## PROMPT
All of the data below should be set down again verbatim, without any images.

## MATERIAL PROVIDED
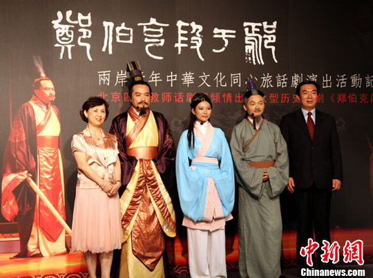 大陆名校北京四中及顺义分校近百名中学生以“中华传统文化”为主题来台开展“两岸青少年文化同心旅”活动,将与台湾北一女中等台湾名校师生联谊交流。图为北一女中校长张碧娟(左一)与四中校长刘长铭(右一)与《郑伯克段于鄢》教师演员在今天的新闻发布会上合影。中新社发 陈立
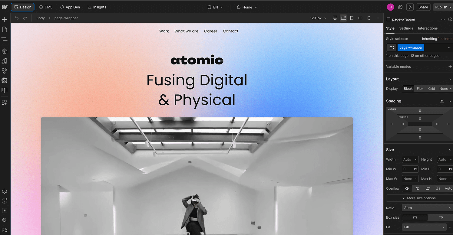 Quelques mois après la mise en ligne du site, l’agence a fait évoluer sa direction artistique. Grâce à Webflow, nous avons pu adapter rapidement l’ensemble du site en interne coté design : mise à jour des composants, ajustement des styles, etc.
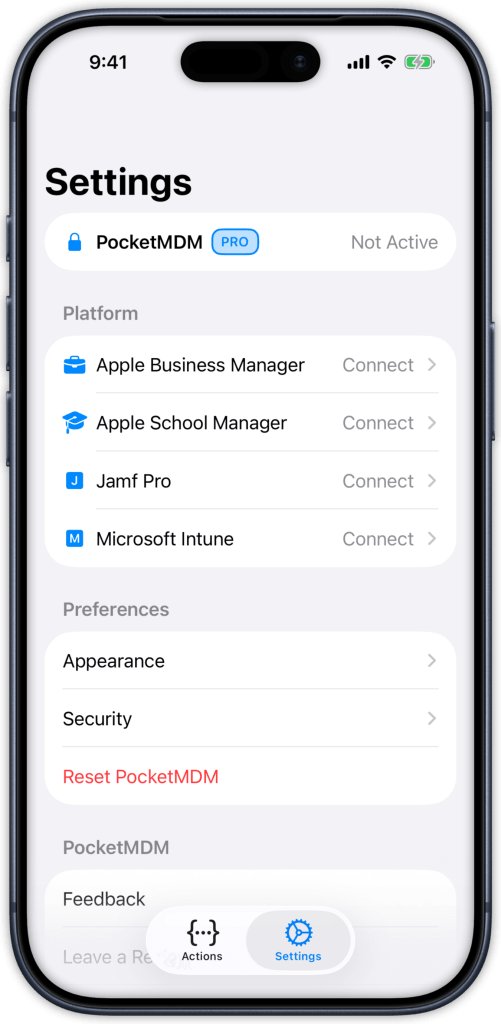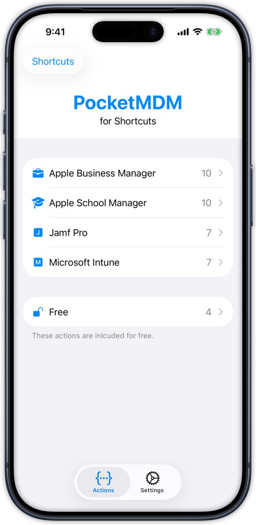 PocketMDM 是专门给苹果 IT 管理员设计的。它把 iPhone 和设备管理平台之间的距离拉近了,直接把常用自动化功能带进了苹果快捷指令。目前支持 Apple Business Manager、Apple School Manager、Jamf Pro 和 Microsoft Intune。我个人还挺希望以后能加入更多设备管理服务。

## REPLY
 大陆名校北京四中及顺义分校近百名中学生以“中华传统文化”为主题来台开展“两岸青少年文化同心旅”活动,将与台湾北一女中等台湾名校师生联谊交流。图为北一女中校长张碧娟(左一)与四中校长刘长铭(右一)与《郑伯克段于鄢》教师演员在今天的新闻发布会上合影。中新社发 陈立
 Quelques mois après la mise en ligne du site, l’agence a fait évoluer sa direction artistique. Grâce à Webflow, nous avons pu adapter rapidement l’ensemble du site en interne coté design : mise à jour des composants, ajustement des styles, etc.
 PocketMDM 是专门给苹果 IT 管理员设计的。它把 iPhone 和设备管理平台之间的距离拉近了,直接把常用自动化功能带进了苹果快捷指令。目前支持 Apple Business Manager、Apple School Manager、Jamf Pro 和 Microsoft Intune。我个人还挺希望以后能加入更多设备管理服务。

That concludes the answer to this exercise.